A chill crept along her skin although the temperature in the car had actually risen a few degrees. That was his inner dragon speaking. Nathaniel was the dragon and the dragon was him. He was a shifter. But the part of him that slept when he was in his human form sometimes woke up. She’d seen the dragon last night when he’d hunted her after the ritual. And now the beast was right there on the surface.

It was a humbling thing to look into the face of a dragon, especially when you didn’t have any magic of your own to protect yourself. She watched the hills roll by and didn’t speak again until the driver, Emory, did.

“Almost to the lake, Mr. Clarke. Where would you like me to park?”

“Close enough to the water that you can help if need be. You have the weapon?”

“I do. Practiced a bit with it beforehand.”

“What weapon is that?”

“Crossbow,” Nathaniel stated. “Holy-water-soaked bolts.”

“What exactly is the plan, Nate?”

“We offer Grindylow a child and then ask her questions.”

Clarissa inclined her head. “And where do we get this child?”

Nathaniel wiggled the fingers of his right hand where a large amethyst ring resided. Clarissa knew few specifics about how dragon magic worked, but she knew the ring was the closest thing to a magic wand that dragons possessed.

“Explain.”

The amethyst flashed and Nathaniel changed. His body folded in on itself in a way that made Clarissa profoundly uncomfortable. It was too angular. There were too many folding joints and protruding bones. The transformation was physical, not mystical, and coupled with the slurp of bodily juices and the crunch of grinding bones, it was truly disgusting. She had to turn her head away. When the noise stopped, she tentatively glanced back at Nate. A twelve-year-old boy was in his place, dressed in a child-sized pair of jeans and a T-shirt he’d procured somewhere.

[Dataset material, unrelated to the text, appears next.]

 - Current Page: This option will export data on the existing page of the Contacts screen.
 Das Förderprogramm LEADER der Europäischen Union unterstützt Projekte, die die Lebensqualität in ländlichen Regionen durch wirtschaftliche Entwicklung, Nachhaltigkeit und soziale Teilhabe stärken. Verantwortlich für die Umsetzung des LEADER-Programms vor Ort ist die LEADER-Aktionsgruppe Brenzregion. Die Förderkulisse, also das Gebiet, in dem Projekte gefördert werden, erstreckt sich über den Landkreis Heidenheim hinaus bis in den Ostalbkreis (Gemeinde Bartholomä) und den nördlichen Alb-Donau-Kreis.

“Holy fuck! Where did you put it all?”

“Dragons are masters of illusion. I can look any way I desire. Although, I must say going any smaller than this would be astoundingly tight.” He rolled his shoulders as if his current shape and size wasn’t exactly a walk in the park.

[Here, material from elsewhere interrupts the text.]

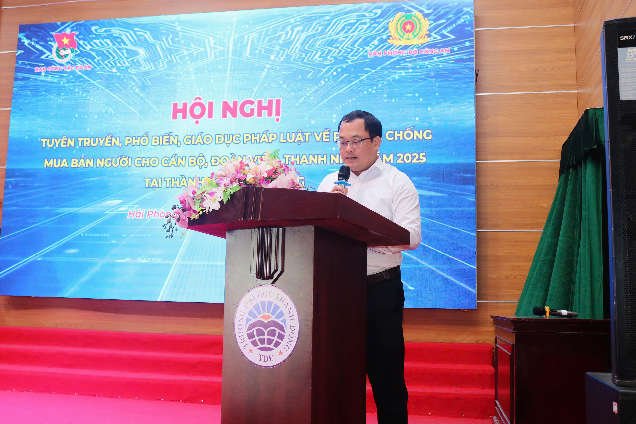 Ngày 26/11/2025, Trường Đại học Thành Đông phối hợp với Ban Chấp hành Đoàn Thành phố Hải Phòng tổ chức Hội nghị tập huấn kiến thức, kỹ năng kết hợp chương trình “Phiên tòa giả định” tuyên truyền về phòng, chống mua bán người năm 2025. Sự kiện diễn ra tại Hội trường lớn của Nhà trường với sự tham dự của đại diện Văn phòng Bộ Công an; Trung ương Đoàn; Thành đoàn Hải Phòng; Đảng ủy - HĐND phường Tứ Minh cùng hơn 300 cán bộ Đoàn, đoàn viên, sinh viên trên địa bàn thành phố.

“So what’s the plan? We ask the questions and then you get into the water with her and pull the old switcheroo back into the dragon?”

Emory opened her door, and she got out in the middle of nowhere at the edge of a misty body of water. Nathaniel crawled across the seat after her. It was so strange for him to only come up to her shoulder. He looked exactly like a skinny grade-schooler.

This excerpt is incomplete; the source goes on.